HTML 5 aims to make life easier for web developers by providing native support for the type of features associated with advanced web applications. It includes a wider range of interactive components that could reduce the amount of JavaScript coding. It could also reduce the need for asynchronous JavaScript plus XML (AJAX) mechanisms for network communication and server interaction.
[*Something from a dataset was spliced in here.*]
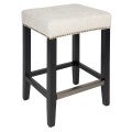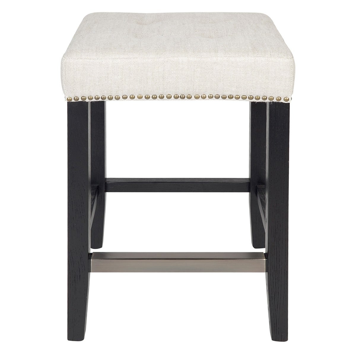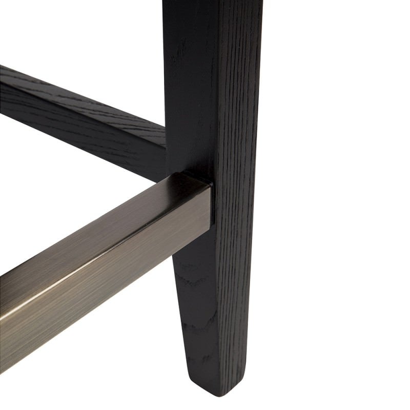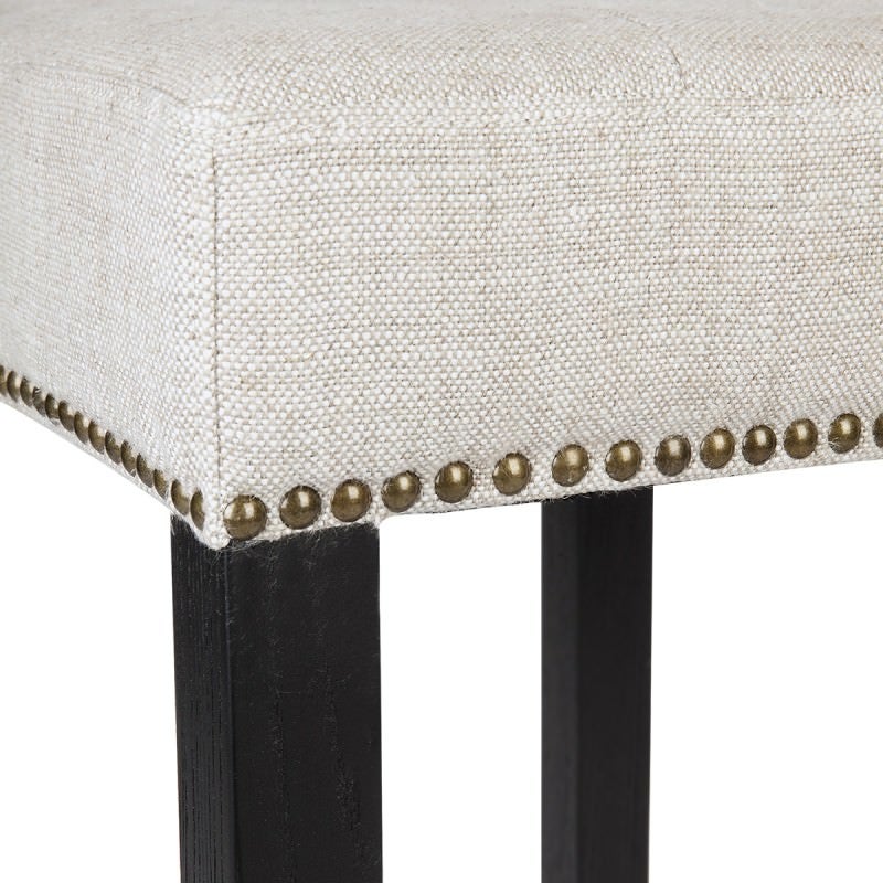 Natural linen upholstered cushioned top kitchen stool with square black painted beech frame and legs. With detailed brushed bronzed studs with a brass finished foot rest. Care Instructions: Professional Dry Cleaning Services Recommended.

One of the main improvements over previous versions of HTML is the inclusion of multimedia features and a recognition that future web applications could be accessed from mobile devices. The importance of this was emphasized this week when Trolltech revealed that it had built HTML 5 audio and video support into its QtWebkit development tool.®
Additional reporting by Gavin Clarke
COMMENTS
@James Anderson
Separating the content and style might not be to your liking but you have alternatives you could use. For anyone else running a large website it's a Godsend.
The ease of changing the style of a website even dynamically is great. When you have multiple content editors who are news hacks and don't know anything about HTML tags (no offence to the el Reg) then you need them to be able to add content whenever and wherever they are you would not be able to do it with a rigid fixed layout.
Newspapers and book shave been doing this for decades. A newspaper has a semi rigid frame and a definitive style and the content is flowed into it.
It sounds like you come from a traditional graphic design background who's got into "New Media" rather than a web developer who actually do the grunt work.
XHTML should be now, HTML should be dead
WTF! The HTML 'standard' should be retired and all the work moved to XHTML and sub projects. It's about bloody time that web authors learnt to use XML properly and got told off (and shown the right way) every time they misusing the document type or abused the document structure!
IMHO:
All web pages should be XHTML pages and a strict document type should be standard so that the browsers can be streamlined and not have to guess (wrongly) what was intended.
The garbage DOM API should be retired and be replaced with a proper, usable XML document API, similar to XOM (Java), with XPATH. A proper API should only allow child elements to be added from other valid XML documents, not direct from text. All XML APIs should transparently deal with escaping text; there is no excuse not to do this!
Complete nonsense
Sorry but this article really is complete nonsense, and shows a real lack of understanding of XML. I can't speak for the Adobe/MS stuff but to suggest XHTML is competing as a replacement for Mozilla's XUL is nothing but rubbish.
Mozilla's XUL is built from an XML language called XBL. XBL 2.0 has already been ratified by the W3C as a way of "BINDING" and thus extending arbitrary actions and behaviours into XML elements. XBL is as usable alongside XUL as it is XHTML, because it binds and extends behaviours as the author intends.
XUL doesn't have a "treeview" element because XUL defines a <treeview/> element it, it's because XBL binds a set of "tree like" behaviours to an XML document that happens to have a .xul extension (and XUL XML namespace).
Please sort it out. The X in XML stands for extensibility.